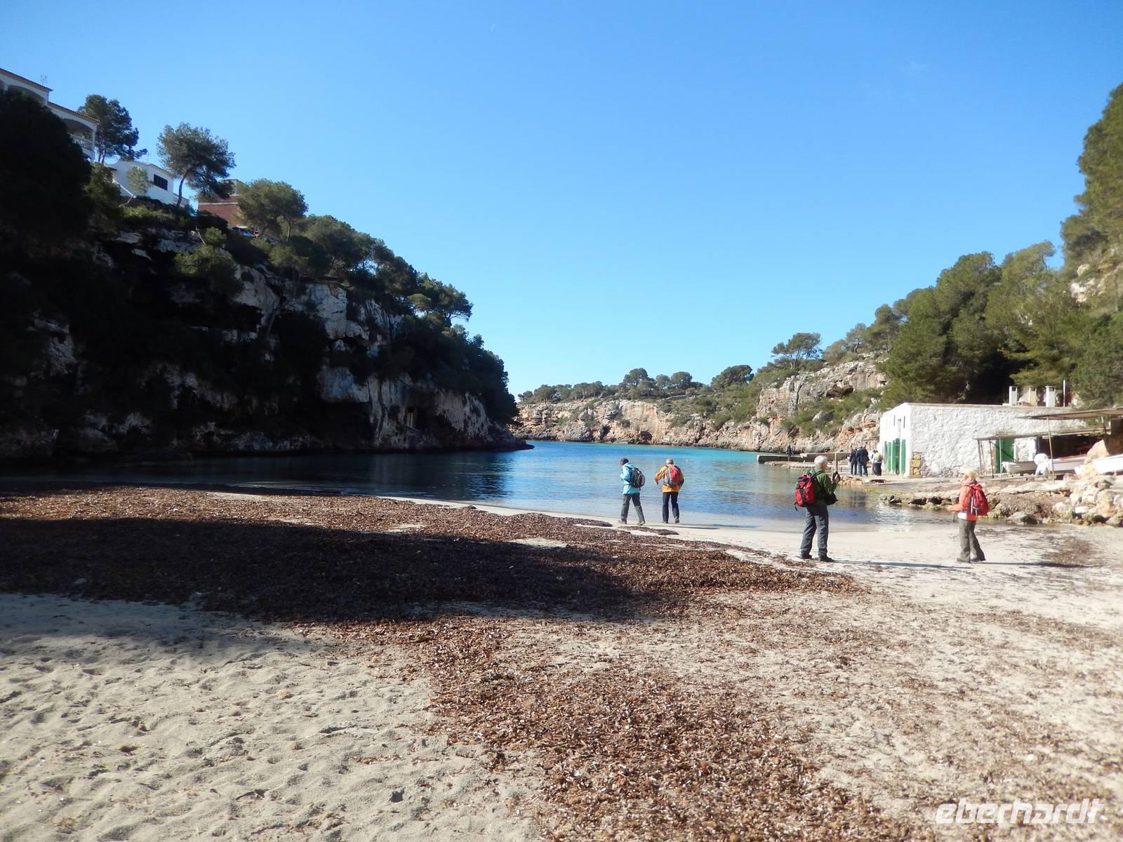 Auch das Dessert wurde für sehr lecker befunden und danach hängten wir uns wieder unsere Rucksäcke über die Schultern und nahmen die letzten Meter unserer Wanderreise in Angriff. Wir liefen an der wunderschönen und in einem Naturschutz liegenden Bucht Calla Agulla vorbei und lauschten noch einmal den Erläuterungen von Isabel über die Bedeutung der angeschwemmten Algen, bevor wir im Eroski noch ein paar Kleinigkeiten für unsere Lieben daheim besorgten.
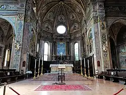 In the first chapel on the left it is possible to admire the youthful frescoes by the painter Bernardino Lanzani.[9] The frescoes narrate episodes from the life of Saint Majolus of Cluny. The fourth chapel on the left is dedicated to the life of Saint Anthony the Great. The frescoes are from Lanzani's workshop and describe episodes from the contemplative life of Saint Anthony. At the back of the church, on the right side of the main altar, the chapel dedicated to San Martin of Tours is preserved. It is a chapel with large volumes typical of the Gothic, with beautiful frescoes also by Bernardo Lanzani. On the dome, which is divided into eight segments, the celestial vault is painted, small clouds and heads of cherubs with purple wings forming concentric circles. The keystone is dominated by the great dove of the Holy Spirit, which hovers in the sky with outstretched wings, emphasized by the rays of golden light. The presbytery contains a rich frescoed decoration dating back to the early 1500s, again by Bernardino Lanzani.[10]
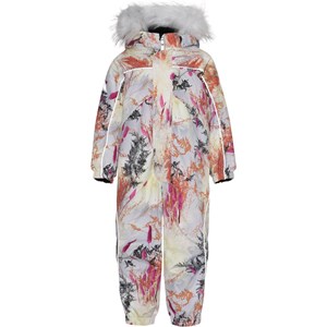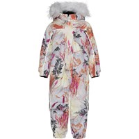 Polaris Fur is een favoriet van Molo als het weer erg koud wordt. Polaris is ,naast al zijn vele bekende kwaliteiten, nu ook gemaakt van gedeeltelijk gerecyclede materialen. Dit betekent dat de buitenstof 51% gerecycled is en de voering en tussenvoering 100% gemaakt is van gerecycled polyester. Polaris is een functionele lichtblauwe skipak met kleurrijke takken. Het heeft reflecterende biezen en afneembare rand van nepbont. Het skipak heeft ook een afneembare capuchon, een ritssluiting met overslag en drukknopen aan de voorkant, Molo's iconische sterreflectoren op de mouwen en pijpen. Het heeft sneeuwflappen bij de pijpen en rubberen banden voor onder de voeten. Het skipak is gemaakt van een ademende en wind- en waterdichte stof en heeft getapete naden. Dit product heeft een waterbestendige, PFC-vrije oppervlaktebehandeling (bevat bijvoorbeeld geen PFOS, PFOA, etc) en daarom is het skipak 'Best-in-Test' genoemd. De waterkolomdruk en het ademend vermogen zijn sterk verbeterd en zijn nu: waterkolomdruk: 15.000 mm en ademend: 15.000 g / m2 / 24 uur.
...
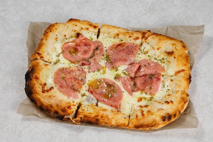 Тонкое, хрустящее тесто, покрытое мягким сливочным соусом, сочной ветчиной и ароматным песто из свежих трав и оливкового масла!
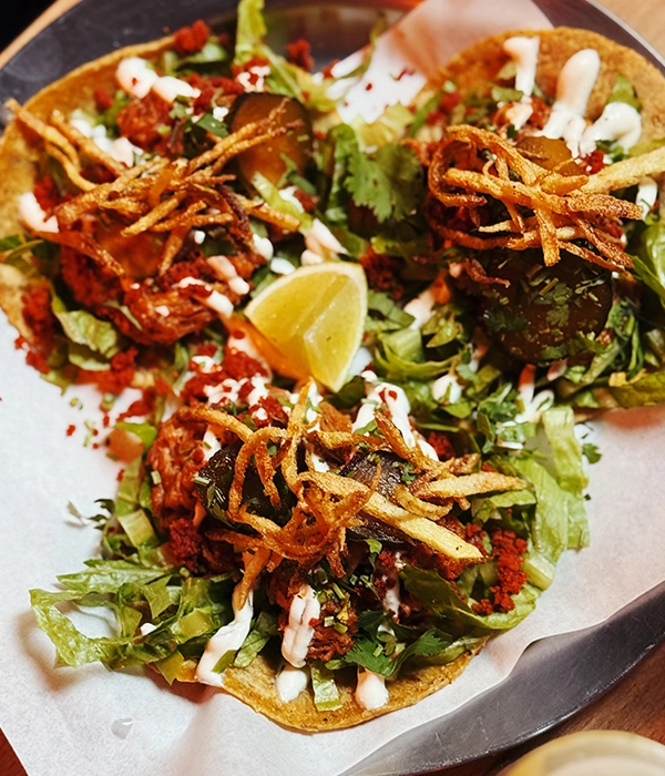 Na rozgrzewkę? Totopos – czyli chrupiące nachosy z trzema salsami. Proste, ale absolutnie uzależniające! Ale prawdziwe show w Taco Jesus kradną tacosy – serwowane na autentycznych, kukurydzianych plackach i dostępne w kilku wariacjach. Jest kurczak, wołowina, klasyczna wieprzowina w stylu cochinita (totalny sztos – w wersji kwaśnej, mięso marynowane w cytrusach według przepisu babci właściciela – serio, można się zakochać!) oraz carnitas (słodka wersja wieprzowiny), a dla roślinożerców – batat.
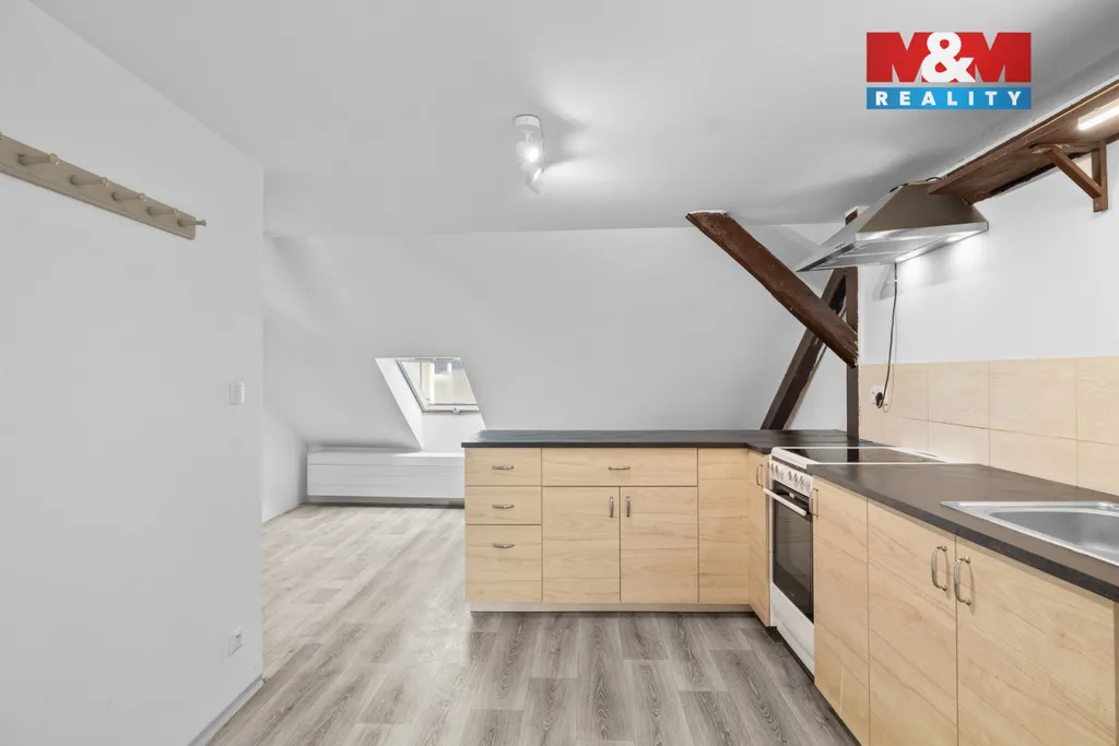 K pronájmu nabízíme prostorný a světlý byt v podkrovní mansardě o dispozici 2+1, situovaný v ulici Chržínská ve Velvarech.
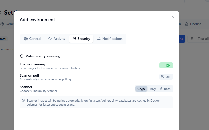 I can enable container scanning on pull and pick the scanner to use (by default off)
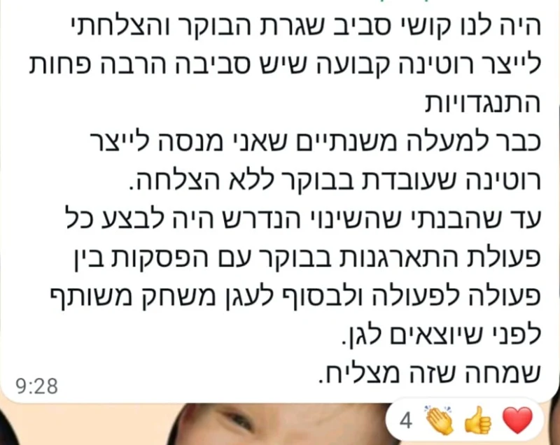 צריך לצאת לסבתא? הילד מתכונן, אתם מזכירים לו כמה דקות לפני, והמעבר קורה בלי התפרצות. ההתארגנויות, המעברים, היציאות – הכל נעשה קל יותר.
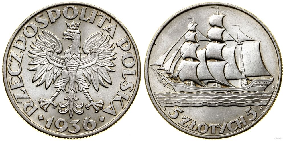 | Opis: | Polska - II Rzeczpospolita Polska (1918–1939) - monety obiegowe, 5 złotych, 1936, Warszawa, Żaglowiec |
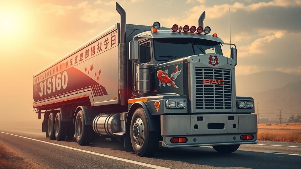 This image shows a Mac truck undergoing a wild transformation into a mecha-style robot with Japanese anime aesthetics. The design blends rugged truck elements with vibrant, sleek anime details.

EXERCISE PROMPT:
In the data above, take the line with "K pronájmu nabízíme", the line with "This image shows", and every line between, and set them down exactly without pictures.

RESPONSE AREA:
 K pronájmu nabízíme prostorný a světlý byt v podkrovní mansardě o dispozici 2+1, situovaný v ulici Chržínská ve Velvarech.
 I can enable container scanning on pull and pick the scanner to use (by default off)
 צריך לצאת לסבתא? הילד מתכונן, אתם מזכירים לו כמה דקות לפני, והמעבר קורה בלי התפרצות. ההתארגנויות, המעברים, היציאות – הכל נעשה קל יותר.
 | Opis: | Polska - II Rzeczpospolita Polska (1918–1939) - monety obiegowe, 5 złotych, 1936, Warszawa, Żaglowiec |
 This image shows a Mac truck undergoing a wild transformation into a mecha-style robot with Japanese anime aesthetics. The design blends rugged truck elements with vibrant, sleek anime details.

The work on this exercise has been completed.